本発明は、ポリ乳酸を改質しつつ、経時変化を抑制し、成形・加工性に優れたポリ乳酸系樹脂組成物に関する。
従来から広く用いられている樹脂として、ポリエチレン、ポリプロピレン、ポリエチレンテレフタレート、ポリ塩化ビニル、ポリカーボネートなどが知られており、各種容器などの様々な成形品に加工され、あらゆる場面で使用されている。ところが、これらの汎用樹脂は石油を原料としているため、埋設しても分解せず、半永久的に地中に残留することとなる。
近年、プラスチックの廃棄物処理の問題や環境問題などから、植物原料で優れた生分解性を有する樹脂に注目が集まっている。これらの樹脂は石油を必要としない素材であり、土中の微生物により分解されることから、環境に対する影響が極めて少ない。
このような生分解性を有する樹脂に、ポリ乳酸やポリヒドロキシ酪酸などがあり、特にポリ乳酸は、これら樹脂の中でもガラス転移温度が最も高く、透明性を有していることなどから、各種成形材料への活用が注目されているものである。

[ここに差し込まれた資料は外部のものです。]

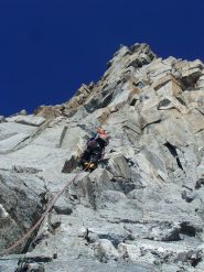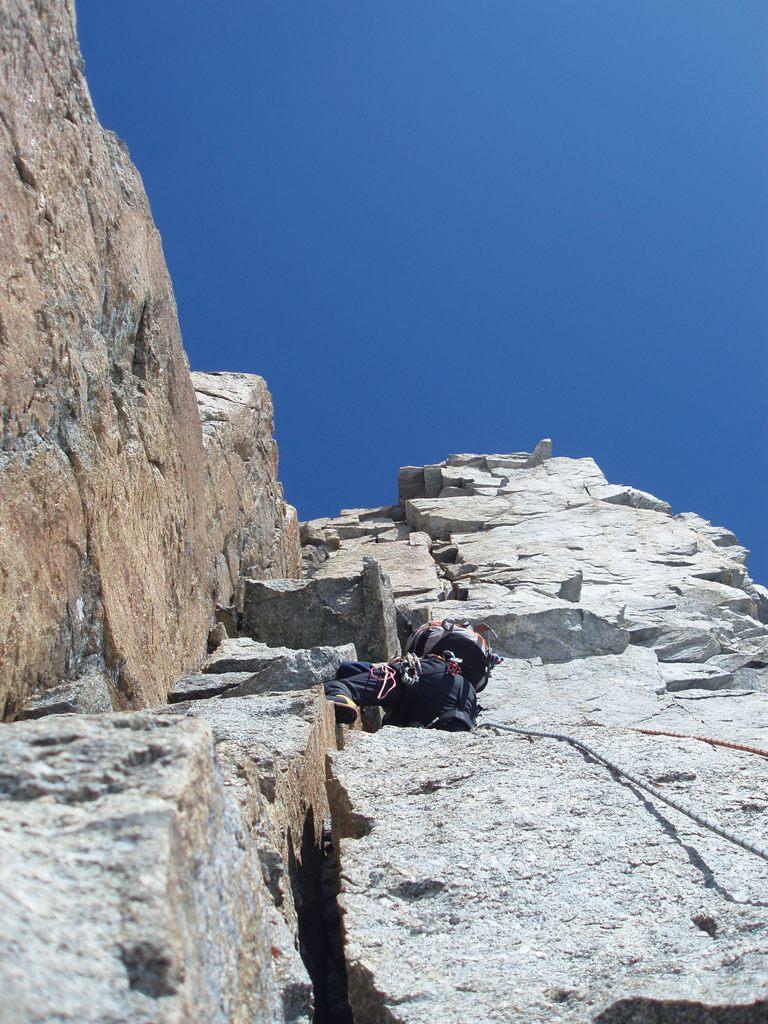 ( IV con passi di V). Sostare su un piccolo terrazzino e andare a prendere un altro diedro sulla destra che risale per 30 metri ( IV con passo di V) Attenzione a un blocco instabile. Uscita sul tetto superiore poco sotto la cima. Ultimo tiro in comune con la via della cresta Est-Sudest con un passo di V con un chiodo su posto. Le soste sono tutte da fare su friend o spuntoni, bisogna muoversi su tutto il percorso in maniera abbastanza delicata per pietre poco stabili. Se fatto a inizio stagione, le cenge sono innevate.

ところがポリ乳酸は、堅くて脆い性質があるなどの理由で、ポリ乳酸単体で従来汎用樹脂の代替として使用することは難しく、そういった性質を補うべく、他樹脂とブレンドした樹脂組成物の開発が行われている。その中で、透明性やポリ乳酸との相溶性が良好なために、ポリアルキレンエーテル類との樹脂組成物に関する研究や特許出願(特許文献1参照)が盛んに行われている。
ところがこれら樹脂組成物は、加工性、取扱い性において、十分な性能を有しているとは言い難く、特殊な用途を除いては分解が早すぎて、汎用樹脂として使用しにくい等の問題点があり、分解の抑制、すなわち経時安定性の向上が課題となっている。

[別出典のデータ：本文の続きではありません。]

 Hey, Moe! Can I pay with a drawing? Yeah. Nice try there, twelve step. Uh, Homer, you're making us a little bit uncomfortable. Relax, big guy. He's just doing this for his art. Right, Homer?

かかる経時安定性については、ポリ乳酸中にモノマー(ラクチド)などに由来する酸成分がポリマー鎖切断に関与しており、ポリ乳酸からなる成形品などの経時安定性を低下させる一因となっていることが知られている(特許文献4,5参照)。
また、ポリ乳酸とポリアルキレンエーテルとの組成物は、ポリアルキレンエーテル成分がブリードアウト(抽出)することがあり、それを抑制する方法も多く開発されており、たとえば、ポリアルキレンエーテルに、ポリ乳酸セグメントを共重合させることで、母体であるポリ乳酸の相溶性を向上させ、ブリードアウトを抑制する技術(特許文献3参照)が知られている。
ところが、これら共重合体をポリ乳酸とブレンドした樹脂組成物は、溶融粘度が低下することがあり、用いるポリアルキレンエーテルの分子量が低い場合などは成形加工が困難なほど著しい粘度低下を引き起こす問題があった。
かかる粘度低下を防止して、粘度が高く、酸価の少ない組成物を得るためには、共重合時に用いる触媒の活性を重合終了時に失活あるいは活性を低減させておく必要があり、触媒失活にリン系化合物を用いる技術(特許文献4,5参照)が知られている。
また、ポリマー中のリン系化合物に注目した場合、目的が全く相違するが、難燃性や熱安定性を付与する目的で、ポリ乳酸中に難燃剤としてリン系化合物を添加する技術(特許文献2,6参照)もある。
しかしこれらは、触媒失活をなされた重合体、合成物や難燃剤をポリマーとのブレンドに用いた場合の粘度や経時劣化に対する探求がなされていない。
特開2003−41142号公報 特開2005−162871号公報 特開2005−146274号公報 特許第3513972号公報 特許第3487388号公報 特開2003−119276号公報
本発明は、かかる従来技術の背景に鑑み、ポリ乳酸を改質しつつ、経時変化を抑制し、成形・加工性に優れたポリ乳酸系樹脂組成物を提供せんとするものである。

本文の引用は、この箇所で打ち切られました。